Rivals is all over the place. Based on the title and knowing relatively nothing about it, I assumed it was a typical child vs. step-parent movie only perhaps a bit more lurid. I should have known better with Scott Jacoby's involvement. In fact now that I've seen it, "Rivals" is kind of a misleading title. Robert Klein's character is pretty laid back, so there isn't a whole lot of rivalry going on. The mother is constantly molly coddling her pre-pubescent son, and she really doesn't know what to do with him when he acts out. It doesn't bother Peter until she hastily cancels vacation plans without talking it over because of some school problems Jamie's having. The stepfather is treated like the child with no say-so while Mother and Son have their own personal and awkward quality time. Peter exhibits an amplitude of patience with both character's adjustment and receives nothing in return. Christine is too fixated on her son's immediate well being to see the big picture. Jamie however, being one hell of a smart kid, had complete insight into what was happening. Unfortunately his Mother unintentionally continued to cater to her son's warped frame of mind which didn't do anyone any favors.
There were a lot of interesting editing and musical choices. Many scenes reminded me of old episodes of Sesame Street. Montages of people, particularly kids, playing and goofing around in New York set to very jovial and jazzy children's music. Then for Jamie's flashbacks or dreams the editing would get choppy and the audio was a collection of experimental music and sound clips from his distorted memories.
Although there was much subject matter I found disturbing in this film (kids and sexuality can make for an uncomfortable viewing experience), it was also immensely fascinating. Like watching a Norman Bates in the making, or Bad Ronald for that matter. I can also see why this movie has faded into obscurity. It's very eccentric and perhaps a little uneven. It never quite found it's audience, not even it's cult audience as it would seem. It definitely deserves a closer look. A few years ago Code Red gave it a nice release. So if you're interested, pick up a copy and give it a spin. I think it's time for Rivals' revival.
6/20/11
Hookers, Homos, Rapists, Supervans and Gary Busey.
I've really let this blog go to slacksville in the past month or so. I have a pretty good excuse this time though! My mom flew in from Florida for vacation. I spent a good week domesticating this place before her arrival and obviously didn't get around to watching many movies while she was here. She left over two weeks ago but since I had taken several days off too, I experienced a little bit of post vacation shock. Have you ever had that? It's the like the first week of school, you can't really find your groove because you got used to not having any responsibilities. Anyway, I've been trying to take it easy and in turn have watched many movies, several of which I'm going to touch upon bulk review style.

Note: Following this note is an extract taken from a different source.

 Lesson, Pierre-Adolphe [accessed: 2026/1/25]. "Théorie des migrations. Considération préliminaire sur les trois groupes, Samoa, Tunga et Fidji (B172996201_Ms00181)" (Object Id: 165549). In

I'll try to do this chronologically. While my Mom was in town she wanted to hit up as many thrift stores and yard sales as we could so she could hunt for treasures to sell in her vintage Etsy store. This worked out well for me when we hit the jackpot at an Echo Park yard sale in the VHS department. Stacks of b-movies spanning from the 60's-80's! After Mom's departure I partook in some much overdue Hookersploitation with the 1984 film Angel.

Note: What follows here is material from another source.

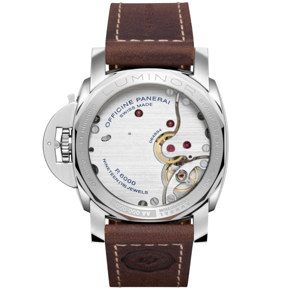 Ambas as novidades compartilham especificações essenciais que definem seu caráter vintage. A caixa de aço de 44 mm é complementada por um cristal de safira abaulado, uma escolha de design que remete ao efeito visual do Perspex usado nos relógios Luminor da década de 1960. Esse detalhe aprimora tanto a profundidade quanto a legibilidade, em uma homenagem aos primeiros instrumentos profissionais da Maison. O fundo em safira revela o calibre P.6000 a corda manual, movimento de Manufatura com reserva de marcha de três dias. O P.6000 mede 151⁄2 linhas de diâmetro e apresenta um balanço que oscila a 21.600 alternâncias por hora, fixado por uma ponte transversal para maior estabilidade do órgão regulador. Para um ajuste preciso da hora, o calibre inclui uma função de parada de segundos. Esse mecanismo útil é ativado quando a coroa de corda é puxada para a segunda posição: uma lâmina de mola interrompe o balanço, que por sua vez para o ponteiro de segundos no mostrador, garantindo uma sincronização de tempo altamente precisa.

I'd been wanting to see this for years. I know it's available on DVD now, but it's so apart of my forbidden video memories that such an upgrade seems unorthodox. I'm used to seeing it staring back at me while browsing for video nasties when I was a kid. I was scandalized and hypnotized by the cover and could only imagine the sleaziness to behold. So finally, I sit down to watch it, and it's NOTHING like I expected. It's not sleazy, it's kind of pathetic. She doesn't really want to be a hooker, she's more of a victim of circumstances. It plays out a lot like an afterschool special, thankfully, there is a serial killer. You know the type, He butchers street walkers for kicks. He helps move this emotionally wrought story along, giving it more of a punch. Despite my love for a good movie killer, the best performance in the film is BY FAR Dick Shawn who plays Angel's drag queen friend and fellow floozy. Dick Shawn has a way of stealing the show in all of the movies he's made an appearance in, Angel is no different. His best scenes are those shared with Angel's "Jew-Dyke" land lady, played by the fantastic Susan Tyrell! Just as bat shit crazy as you'd expect from Queen Doris. All in all, Angel was a little more heavy handed than I would have liked. They make it seem like whoring your body out is a bad thing. Pfft. Not in a low budget 80's movie, my friends.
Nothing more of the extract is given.